START Working data

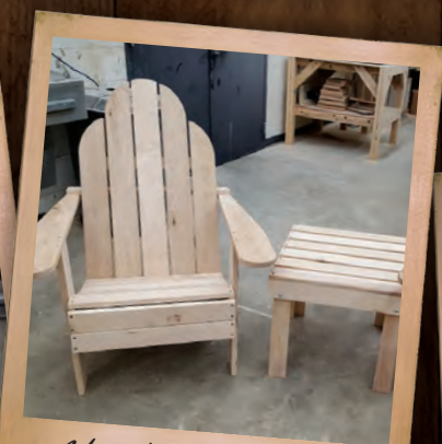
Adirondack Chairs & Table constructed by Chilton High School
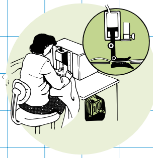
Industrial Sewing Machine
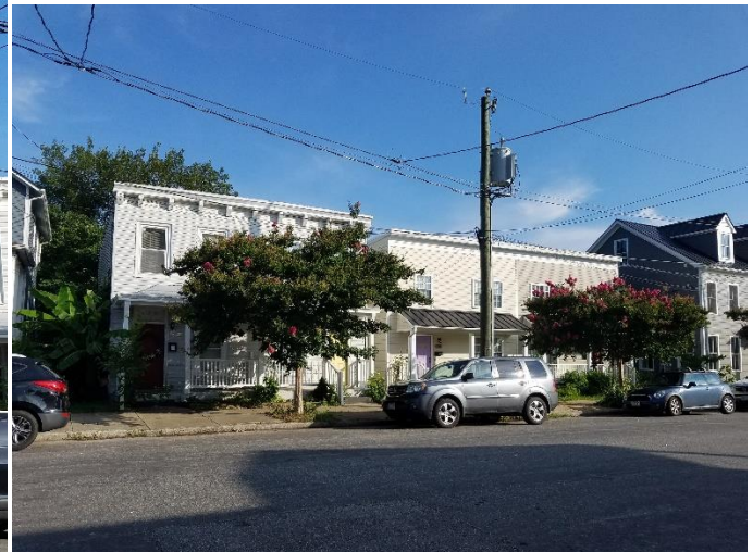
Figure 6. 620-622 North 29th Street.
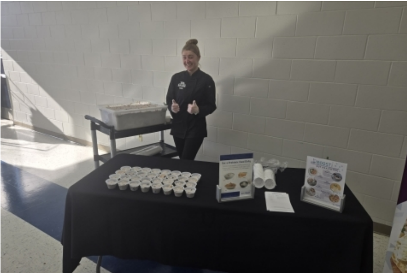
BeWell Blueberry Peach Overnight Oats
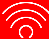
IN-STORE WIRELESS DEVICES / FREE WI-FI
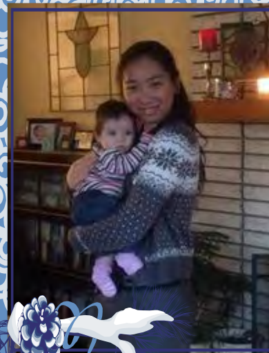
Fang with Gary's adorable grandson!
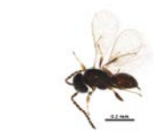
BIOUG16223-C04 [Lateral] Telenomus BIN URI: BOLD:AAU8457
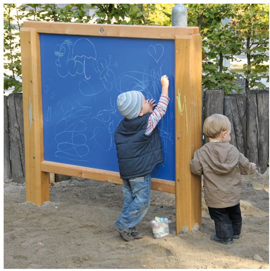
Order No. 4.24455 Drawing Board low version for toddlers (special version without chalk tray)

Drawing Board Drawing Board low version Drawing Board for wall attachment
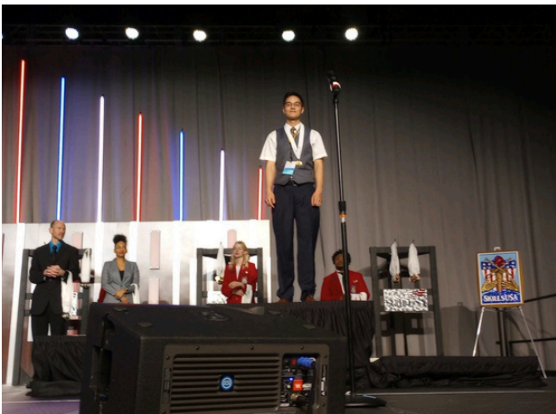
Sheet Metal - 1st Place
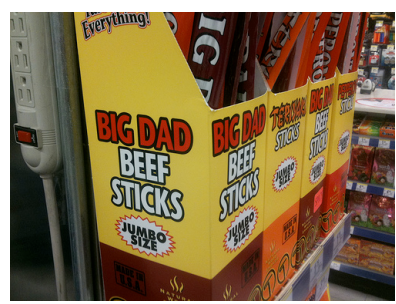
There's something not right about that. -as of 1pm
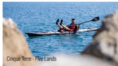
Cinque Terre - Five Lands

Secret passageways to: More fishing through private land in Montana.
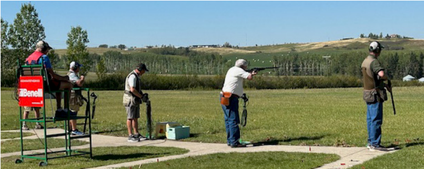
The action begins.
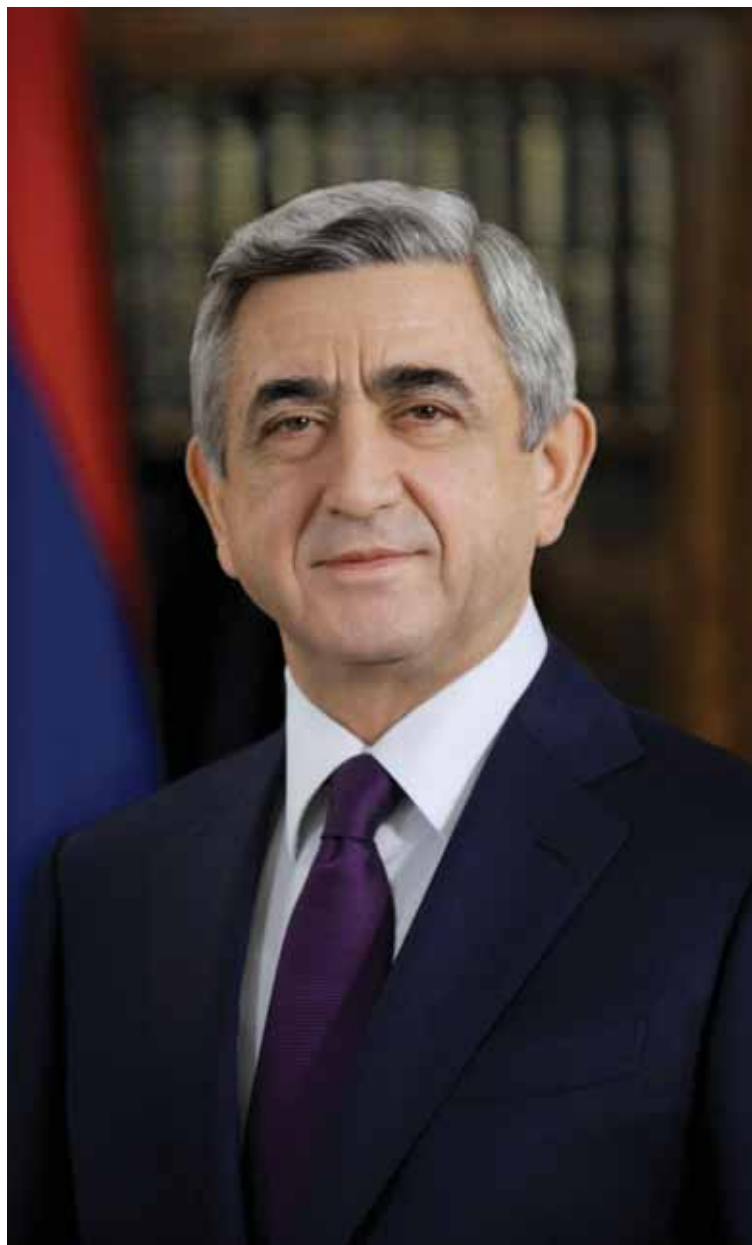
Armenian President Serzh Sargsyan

END Working data
START Working data

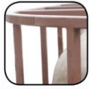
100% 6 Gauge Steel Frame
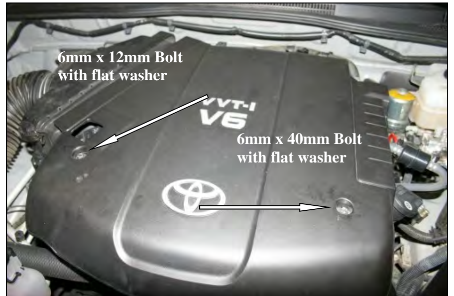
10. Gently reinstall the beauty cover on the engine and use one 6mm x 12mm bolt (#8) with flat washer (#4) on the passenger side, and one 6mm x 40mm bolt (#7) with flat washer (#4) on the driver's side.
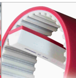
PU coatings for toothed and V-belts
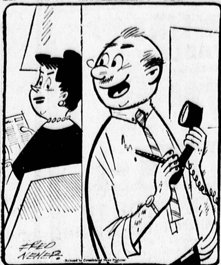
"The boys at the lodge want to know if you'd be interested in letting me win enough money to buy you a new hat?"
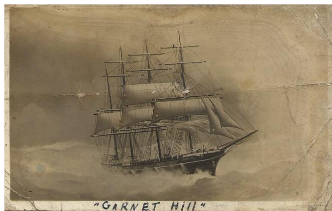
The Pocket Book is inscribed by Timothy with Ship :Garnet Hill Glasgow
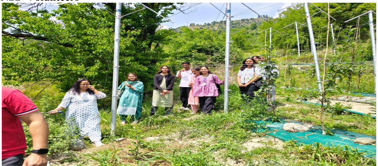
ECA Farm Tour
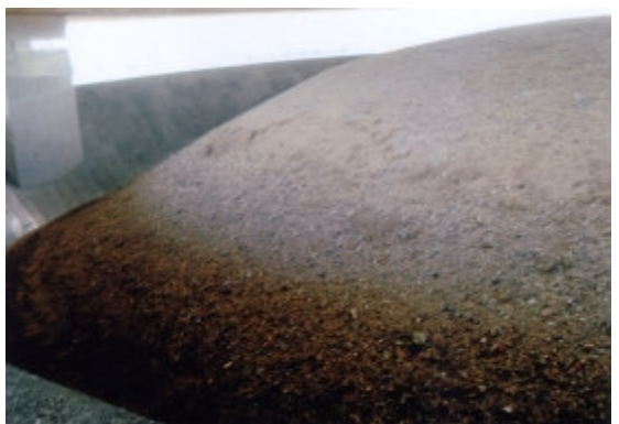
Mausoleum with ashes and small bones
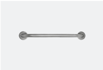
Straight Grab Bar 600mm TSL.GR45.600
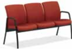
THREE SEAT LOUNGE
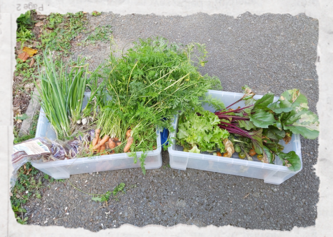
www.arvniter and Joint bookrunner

END Working data

▸ **Task**
For this exercise, set down the lines in the entries above from the one with "The action begins." through the one with "Armenian President Serzh Sargsyan" exactly as written, without any pictures.

▸ **Exercise result**
The action begins.
Armenian President Serzh Sargsyan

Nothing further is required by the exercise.